■ EXERCISE INPUTS
——

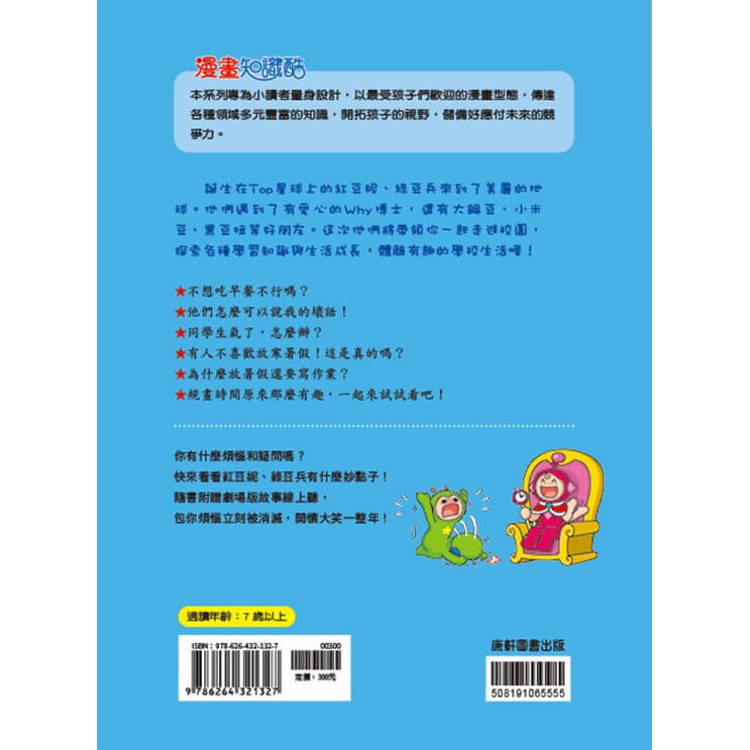 誕生在Top星球上的紅豆妮、綠豆兵來到了美麗的地球。他們遇到了有愛心的Why博士,還交到了大鋼豆、小米豆、黑豆妞等好朋友。這次他們將帶領你一起走進校園,探索各種學習知識與生活成長,體驗有趣的學校生活喔!
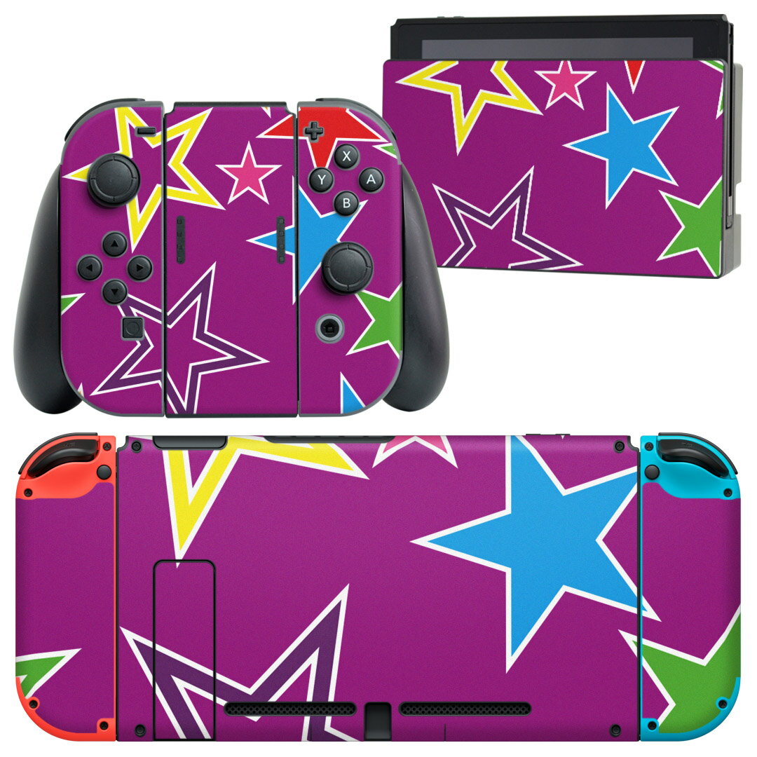 igsticker Nintendo Switch 用 デザインスキンシール 任天堂 ニンテンドー スイッチ 専用 本体ドック Joy-Con Joycon ジョイコン 専用 ゲーム機 カバー アクセサリー フィルム ステッカー 003901 星 カラフル 紫
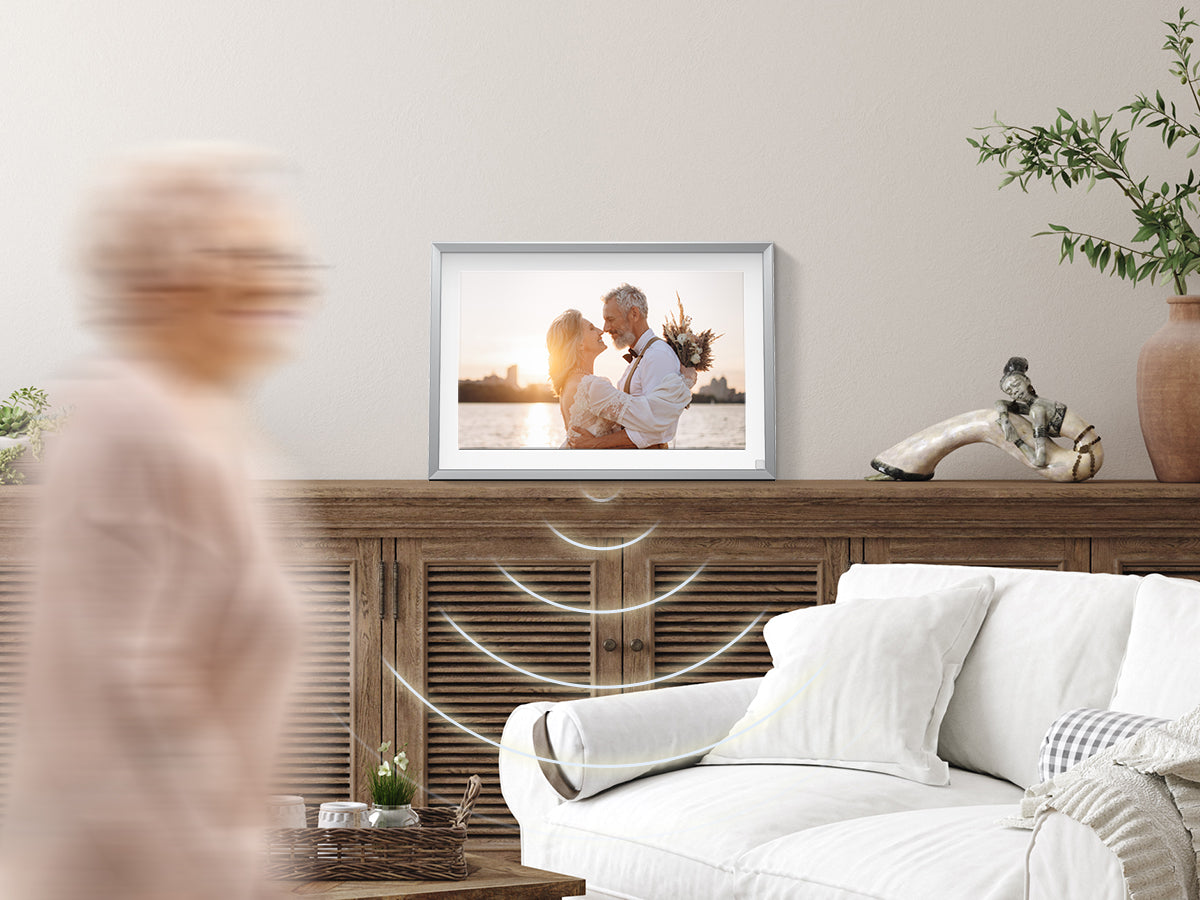 Smart motion tech reduces power use: Automatically turn off the frame when no one is around, and turn on when someone nearby is sensed. The frame can also be set to turn on/off at specified times.
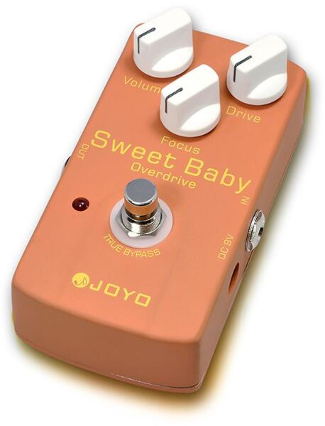 JOYO JF36 Sweet Baby Effekt Pedál "Lágy" (Low-Gain) torzító, a speciális Focus szabályzóval több overdrive stílusban mozoghatunk. Alumínium házban, True ByPass kivitelben. Méret: 118 x 64 x 38 mm
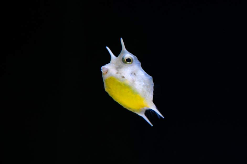 左右の水槽に熱帯魚やサメが見られ、一部の水槽は定期的にテーマが変わる「リトルパラダイス」。カクレクマノミやチンアナゴなどかわいい生き物がひしめく中で、最も心つかまれた生き物がコンゴウフグです。稚魚は手の平に収まるくらいのサイズで、つぶらな瞳とおちょぼ口にキュンとなるかわいらしさ。でも皮膚に毒を持っているという、見た目とは違って強い生き物。
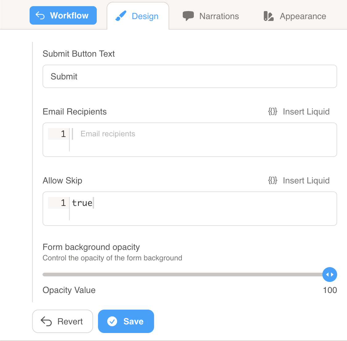 Control the visual appearance of your form with the Form Background Opacity slider. Adjust the transparency from 0 (completely transparent) to 1 (completely opaque). The default value is 0.15, and you can see a live preview while editing.
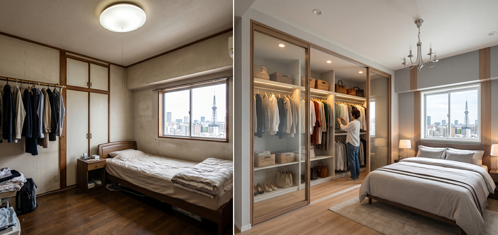 特に名古屋市の中古マンションでは、部屋数はあるのに収納が浅い、押入れの使い勝手が悪い、洗面まわりの収納が少ない、という住戸が少なくありません。
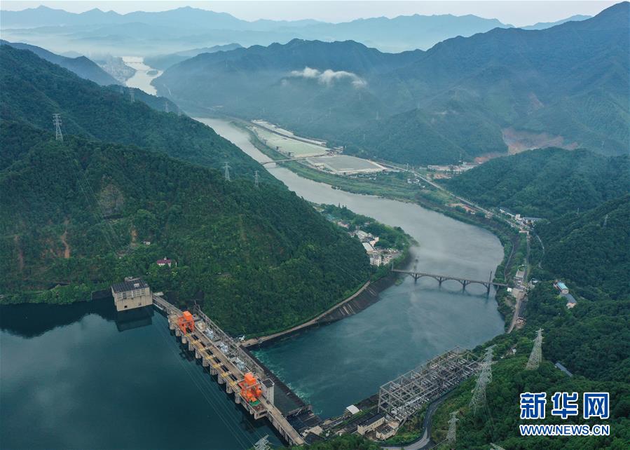 7月6日拍攝的新安江水庫(無人機照片)。受連續強降雨影響,位于浙江建德的新安江水庫水位持續上漲。據浙江省水利廳發布的數據,截至7月6日14時,水庫水位上漲至106.54米,超汛限水位0.04米,且仍在上漲中。為確保水庫防洪安全、合理利用水資源,新安江水庫預計于7月7日開啟泄洪閘泄洪。新華社記者翁忻旸攝
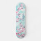 Cerisiers botaniques roses fleurissent sur un arrière - plan bokeh turquoise. Customisez ce Skateboard design japonais avec le nom de votre fille !
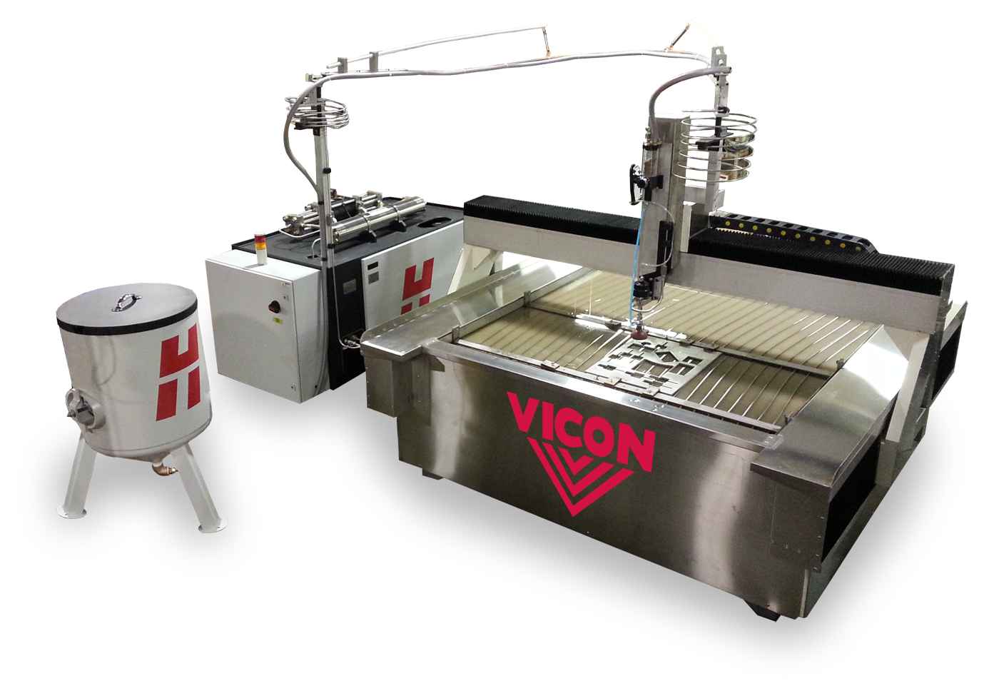 This newly developed machine is equipped with Hypertherm HyPrecision Intensifier capable of cutting materials up to 4” with extremely accurate tolerances. This system is based on newly developed gantry and motion system, along with the recently enhanced electronics and Vicon Control software. The system is available in 5' x 5' or 5' x 10' models.
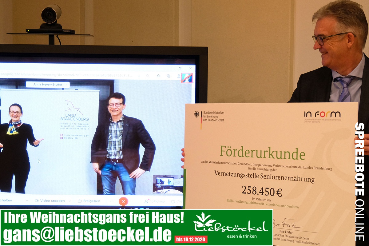 | Im Jahr 2050 wird jeder Dritte in Deutschland über 60 Jahre alt sein. Daher hat die Bundesministerin für Ernährung und Landwirtschaft, Julia Klöckner, eine Ernährungsinitiative für Seniorinnen und Senioren gestartet. Für eine gesunde und nachhaltige Ernährung im Alter. Denn: 84 Prozent der 70 bis 80-jährigen Männer und 74 Prozent der Frauen dieser Altersgruppe sind übergewichtig oder leiden sogar unter Adipositas. Kernelement der Initiative ist die Einrichtung von Vernetzungsstellen für Seniorenernährung in allen Bundesländern. In Brandenburg fördert das Bundesernährungsministerium dies mit der Zuwendung. Die Förderurkunde wurde durch den Parlamentarischen Staatssekretär bei der Bundesministerin, Uwe Feiler, und die Staatssekretärin im Ministerium für Soziales, Gesundheit, Integration und Verbraucherschutz des Landes Brandenburg, Anna Heyer-Stuffer, im Rahmen einer Videokonferenz überreicht.
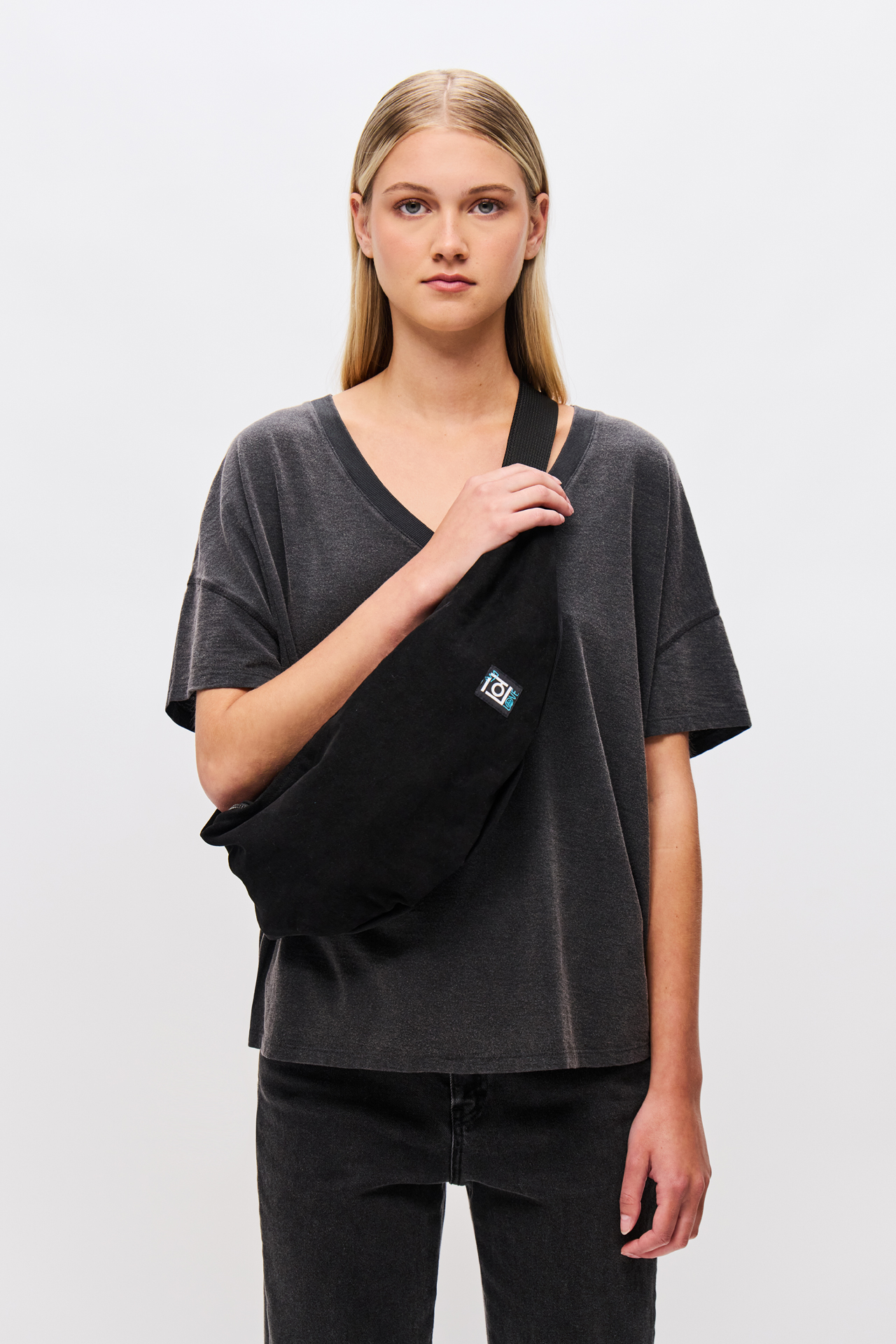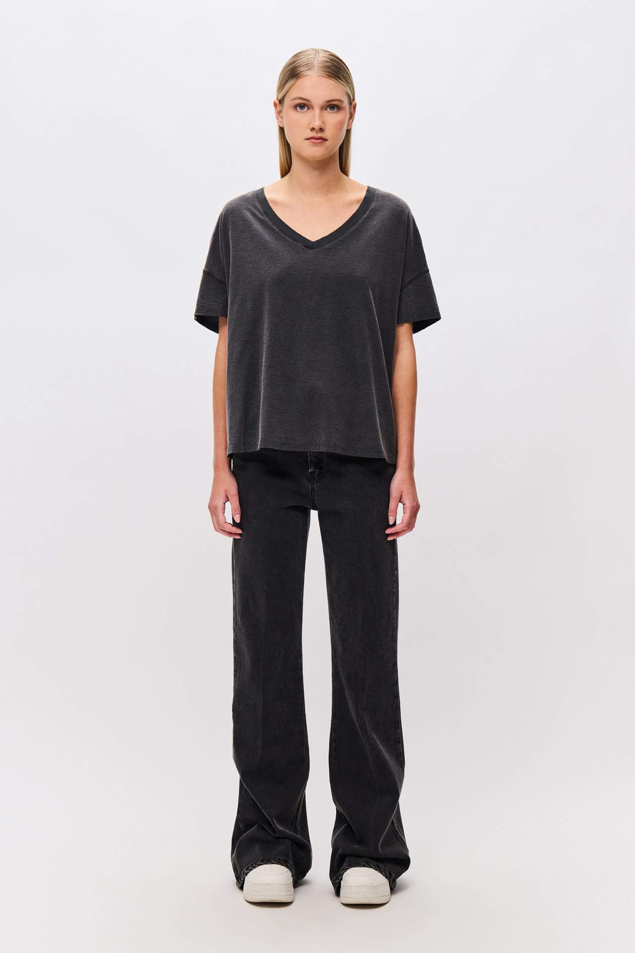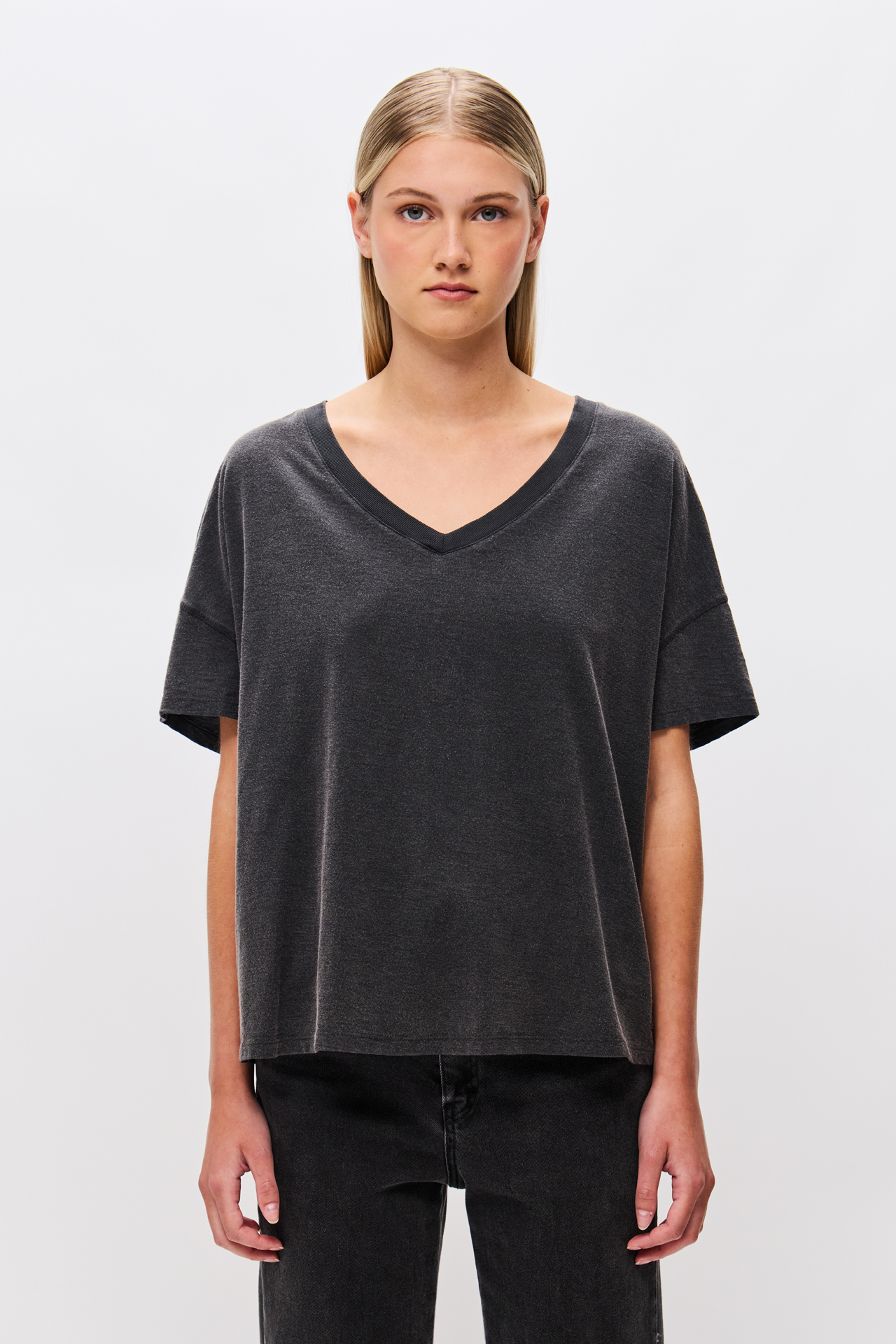 DIRTY LAUNDRY OVERSIZED T-SHIRT V NECKLINE VINTAGE BLACK
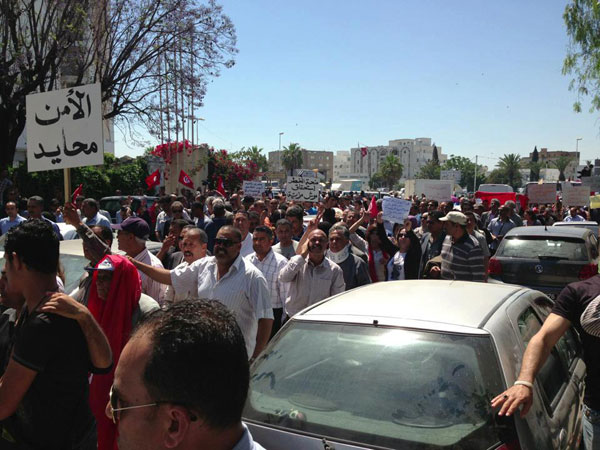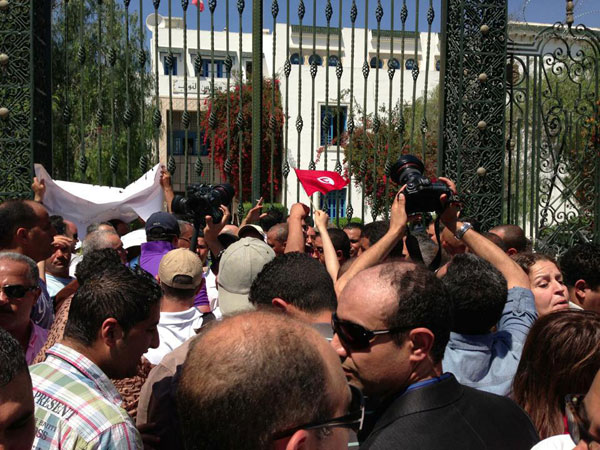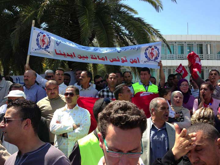 باب نات - نظّم الاتحاد الوطنى لنقابات قوات الأمن اليوم الجمعة 10 ماي وقفة أمام مقر المجلس الوطني التأسيسي بباردو للتنديد بما وصفوه المدّ الارهابي .

——

Print the material above once more, exactly. No pictures belong in it.

■ ANSWER SPACE
 誕生在Top星球上的紅豆妮、綠豆兵來到了美麗的地球。他們遇到了有愛心的Why博士,還交到了大鋼豆、小米豆、黑豆妞等好朋友。這次他們將帶領你一起走進校園,探索各種學習知識與生活成長,體驗有趣的學校生活喔!
 igsticker Nintendo Switch 用 デザインスキンシール 任天堂 ニンテンドー スイッチ 専用 本体ドック Joy-Con Joycon ジョイコン 専用 ゲーム機 カバー アクセサリー フィルム ステッカー 003901 星 カラフル 紫
 Smart motion tech reduces power use: Automatically turn off the frame when no one is around, and turn on when someone nearby is sensed. The frame can also be set to turn on/off at specified times.
 JOYO JF36 Sweet Baby Effekt Pedál "Lágy" (Low-Gain) torzító, a speciális Focus szabályzóval több overdrive stílusban mozoghatunk. Alumínium házban, True ByPass kivitelben. Méret: 118 x 64 x 38 mm
 左右の水槽に熱帯魚やサメが見られ、一部の水槽は定期的にテーマが変わる「リトルパラダイス」。カクレクマノミやチンアナゴなどかわいい生き物がひしめく中で、最も心つかまれた生き物がコンゴウフグです。稚魚は手の平に収まるくらいのサイズで、つぶらな瞳とおちょぼ口にキュンとなるかわいらしさ。でも皮膚に毒を持っているという、見た目とは違って強い生き物。
 Control the visual appearance of your form with the Form Background Opacity slider. Adjust the transparency from 0 (completely transparent) to 1 (completely opaque). The default value is 0.15, and you can see a live preview while editing.
 特に名古屋市の中古マンションでは、部屋数はあるのに収納が浅い、押入れの使い勝手が悪い、洗面まわりの収納が少ない、という住戸が少なくありません。
 7月6日拍攝的新安江水庫(無人機照片)。受連續強降雨影響,位于浙江建德的新安江水庫水位持續上漲。據浙江省水利廳發布的數據,截至7月6日14時,水庫水位上漲至106.54米,超汛限水位0.04米,且仍在上漲中。為確保水庫防洪安全、合理利用水資源,新安江水庫預計于7月7日開啟泄洪閘泄洪。新華社記者翁忻旸攝
 Cerisiers botaniques roses fleurissent sur un arrière - plan bokeh turquoise. Customisez ce Skateboard design japonais avec le nom de votre fille !
 This newly developed machine is equipped with Hypertherm HyPrecision Intensifier capable of cutting materials up to 4” with extremely accurate tolerances. This system is based on newly developed gantry and motion system, along with the recently enhanced electronics and Vicon Control software. The system is available in 5' x 5' or 5' x 10' models.
 | Im Jahr 2050 wird jeder Dritte in Deutschland über 60 Jahre alt sein. Daher hat die Bundesministerin für Ernährung und Landwirtschaft, Julia Klöckner, eine Ernährungsinitiative für Seniorinnen und Senioren gestartet. Für eine gesunde und nachhaltige Ernährung im Alter. Denn: 84 Prozent der 70 bis 80-jährigen Männer und 74 Prozent der Frauen dieser Altersgruppe sind übergewichtig oder leiden sogar unter Adipositas. Kernelement der Initiative ist die Einrichtung von Vernetzungsstellen für Seniorenernährung in allen Bundesländern. In Brandenburg fördert das Bundesernährungsministerium dies mit der Zuwendung. Die Förderurkunde wurde durch den Parlamentarischen Staatssekretär bei der Bundesministerin, Uwe Feiler, und die Staatssekretärin im Ministerium für Soziales, Gesundheit, Integration und Verbraucherschutz des Landes Brandenburg, Anna Heyer-Stuffer, im Rahmen einer Videokonferenz überreicht.
 DIRTY LAUNDRY OVERSIZED T-SHIRT V NECKLINE VINTAGE BLACK
 باب نات - نظّم الاتحاد الوطنى لنقابات قوات الأمن اليوم الجمعة 10 ماي وقفة أمام مقر المجلس الوطني التأسيسي بباردو للتنديد بما وصفوه المدّ الارهابي .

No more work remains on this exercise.